- נורמלי
- Genre: Drama
- Created by: Leore Dayan; Asaf Korman;
- Directed by: Asaf Korman
- Starring: Roy Nik; Rami Heuberger; Liron Ben-Shlush;
- Music by: Guy Ben Ami
- Country of origin: Israel
- Original language: Hebrew
- No. of seasons: 1
- No. of episodes: 8

Production
- Cinematography: Daniella Nowitz
- Editors: Nimrod Goldstein Asaf Korman
- Running time: 35 minutes
- Production company: Dori Media Darset

Original release
- Network: HOT
- Release: November 4, 2020

= Normali =

Israeli television drama series

Normali (נורמלי) is an Israeli television drama series created by Leore Dayan and Asaf Korman. It stars Roy Nik as the protagonist Noam Ashkenazi, a stressed young columnist with an unhealthy reliance on ritalin to achieve his deadlines. Rami Heuberger stars as Udi, Noam's father and Liron Ben-Shlush plays Noam's psychiatrist, Dr. Zarowski. It premiered on HOT on 4 November 2020.

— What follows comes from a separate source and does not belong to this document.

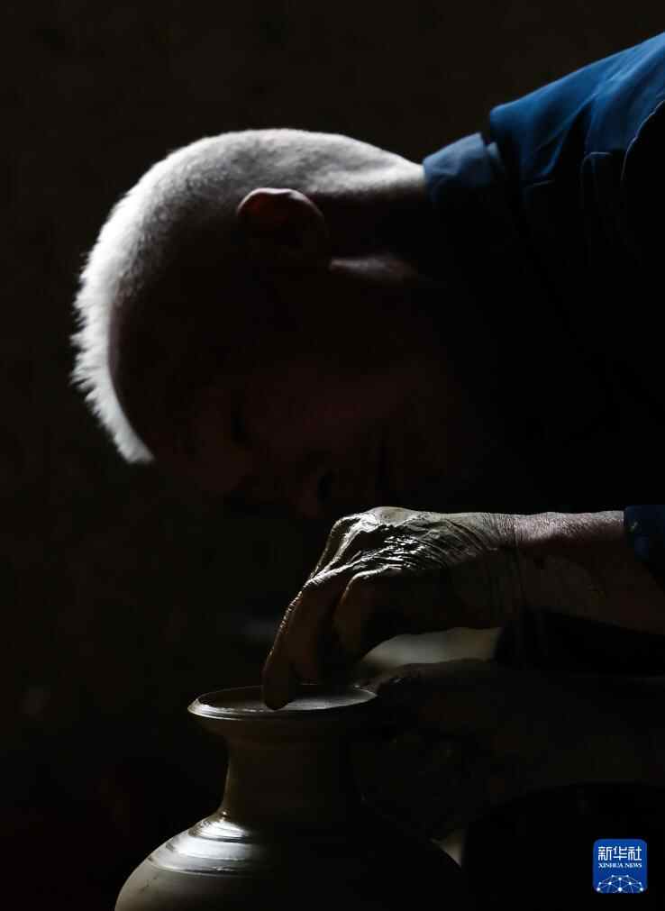 6月17日,制陶师傅邓招财在桂东县普乐镇陶瓷作坊制作陶器。

The series is inspired by Dayan's real-life short stay at a psychiatric hospital and his own illustrious family. He is the son of the film director, Assi Dayan and grandson of Moshe Dayan. Caroline Langford, Assi's ex-wife and Leore's mother, plays Noam's mother in the series.

==Plot summary==
Noam Ashkenazi (Roy Nik) is a young 25-year-old columnist who suffered a severe paranoia attack after taking too many Ritalin pills he bought from teenage drug dealers. His concerned father, Udi (Rami Heuberger) arranges for him to be admitted to a psychiatric ward. Noam finds himself hospitalized in a closed ward, where he has to face for the first time a foreign environment that includes extreme people and strict rules. In the psychiatric ward he also finds for the first time people who can understand and accept him as he is, which makes him believe that he has found a place where he can feel like he belongs. But the department, and its medical staff, have their own rules and ways of doing things.

==Cast==
- Roy Nik as Noam Ashkenazi, a young columnist
- Rami Heuberger as Udi Ashkenazi, Noam's father and a famous writer
- Liron Ben-Shlush as Dr. Zarowski, Noam's psychiatrist
- Shiraz Lanciano as Karin Maimon, a young patient at the psychiatric ward and Noam's love interest
- Caroline Langford as Noam's mom
- Varda Ben Hur as Nurse
- Lee Gilat as ward patient
- Omer Etzion as Tomer
- Karin Tepper as Nurse Sigal

==Reception==
The series was well received. Hannah Brown of The Jerusalem Post wrote: "I appreciated the series’ unromanticized look at mental illness and its ability to put you inside Noam's head. It also features some excellent writing, especially in the scenes that establish and develop the relationship between father and son." Nik was also nominated for an International Emmy Award for Best Actor for his performance as Noam.